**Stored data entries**

.....

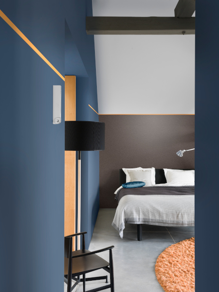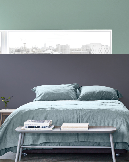 The spectrum of blues is vast, and with seemingly endless shades to choose from you can create a variety of effects in your bedroom. Vast Lake and Breton Blue interact wonderfully with each other to make a peaceful oasis.
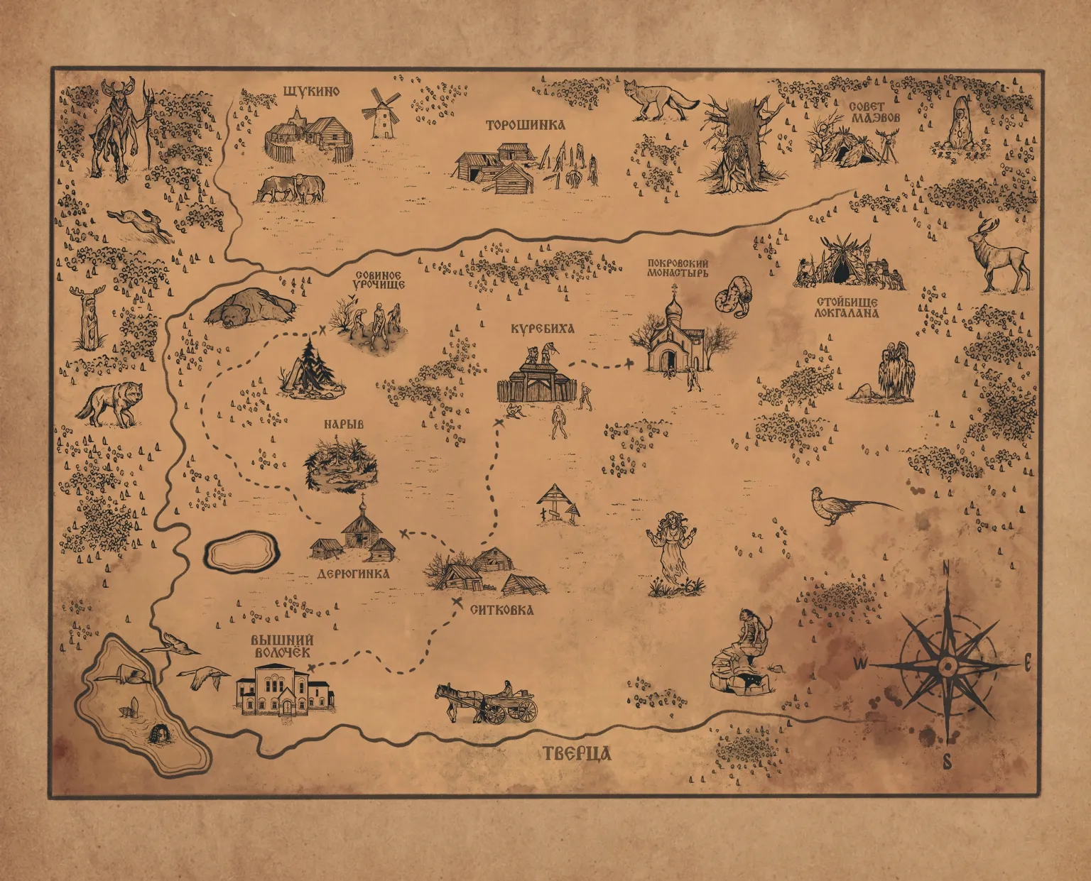 Из деревни Торошинка все люди исчезли без следа, но надолго поиски не затянулись — убитые жестоким образом жители нашлись неподалёку. Это место стало лишь отправной точкой путешествия, и масштабы бедствия быстро перестают ограничиваться одним посёлком. На карте, что добавили в книгу, не так много локаций, но каждая запомнится очередной трагедией. Причём все описаны в деталях, которые преподносятся с циничным, но очаровательным юмором.
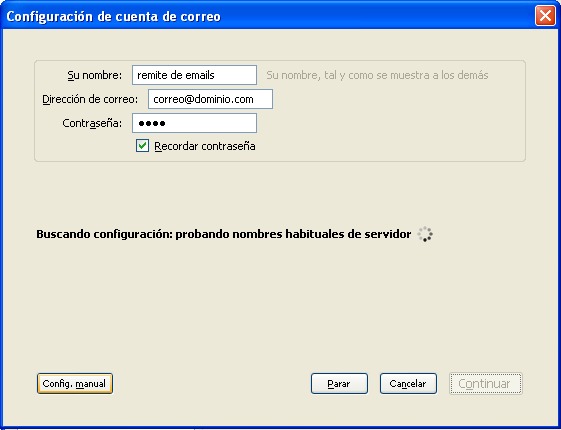 4.- A continuación para continuar detendremos la configuración automática y pulsaremos en el botón Configuración manual.
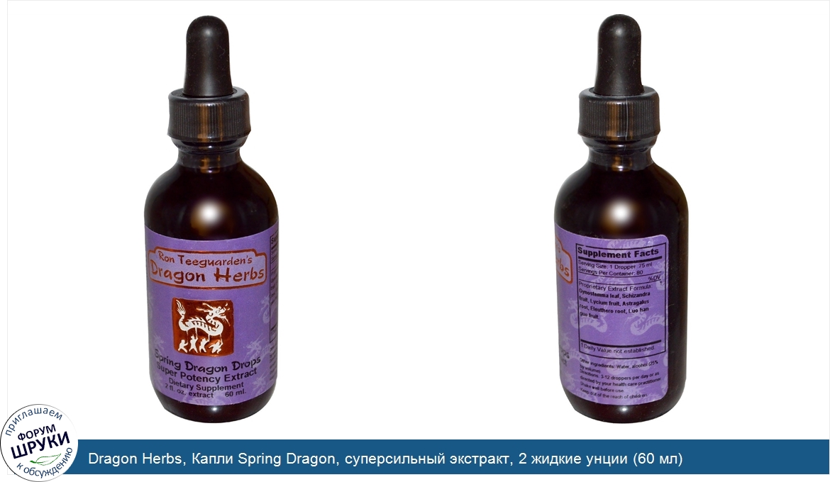 Друзья, если у вас есть отзыв/дополнение/комментарий/вопрос относительно Dragon Herbs, Капли Spring Dragon, суперсильный экстракт, 2 жидкие унции (60 мл) - напишите его ответом в эту тему (это будет полезно всему сообществу в целом и вам в отдельности).
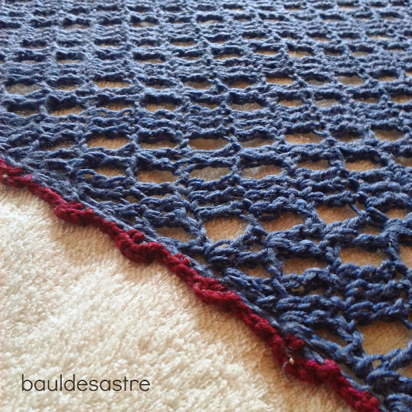 Para darle color y resaltar el azul, elegimos una madeja de Drops Cotton Merino en color Borgoña 07, y realicé el esquema del patrón, y después añadí otra vuelta más, pues parecía poco.
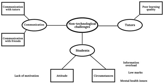 In addition to technological challenges, however, nontechnological challenges were also faced by students during the pandemic; the most commonly highlighted have generally been classified as social [9], methodological [10], behavioral [9,10], and financial [11].
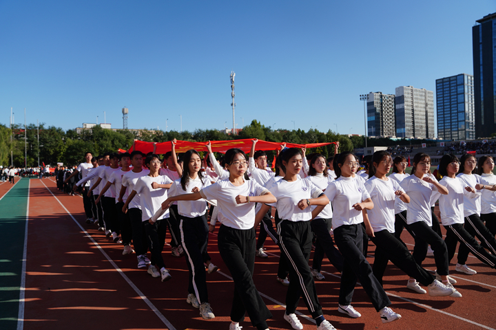 伴随着激昂奋进的运动员进行曲,国旗护卫队、旗林队、花束队、机关代表方队、各学院师生代表方队、退役大学生代表方队依次入场,他们朝气蓬勃,英姿飒爽,口号嘹亮,展现了bat365官网师生昂扬向上、奋发进取的精神风貌。

.....

**WHAT TO WORK ON**
Reproduce each entry verbatim, excluding any embedded images.

**EXERCISE OUTPUT**
 The spectrum of blues is vast, and with seemingly endless shades to choose from you can create a variety of effects in your bedroom. Vast Lake and Breton Blue interact wonderfully with each other to make a peaceful oasis.
 Из деревни Торошинка все люди исчезли без следа, но надолго поиски не затянулись — убитые жестоким образом жители нашлись неподалёку. Это место стало лишь отправной точкой путешествия, и масштабы бедствия быстро перестают ограничиваться одним посёлком. На карте, что добавили в книгу, не так много локаций, но каждая запомнится очередной трагедией. Причём все описаны в деталях, которые преподносятся с циничным, но очаровательным юмором.
 4.- A continuación para continuar detendremos la configuración automática y pulsaremos en el botón Configuración manual.
 Друзья, если у вас есть отзыв/дополнение/комментарий/вопрос относительно Dragon Herbs, Капли Spring Dragon, суперсильный экстракт, 2 жидкие унции (60 мл) - напишите его ответом в эту тему (это будет полезно всему сообществу в целом и вам в отдельности).
 Para darle color y resaltar el azul, elegimos una madeja de Drops Cotton Merino en color Borgoña 07, y realicé el esquema del patrón, y después añadí otra vuelta más, pues parecía poco.
 In addition to technological challenges, however, nontechnological challenges were also faced by students during the pandemic; the most commonly highlighted have generally been classified as social [9], methodological [10], behavioral [9,10], and financial [11].
 伴随着激昂奋进的运动员进行曲,国旗护卫队、旗林队、花束队、机关代表方队、各学院师生代表方队、退役大学生代表方队依次入场,他们朝气蓬勃,英姿飒爽,口号嘹亮,展现了bat365官网师生昂扬向上、奋发进取的精神风貌。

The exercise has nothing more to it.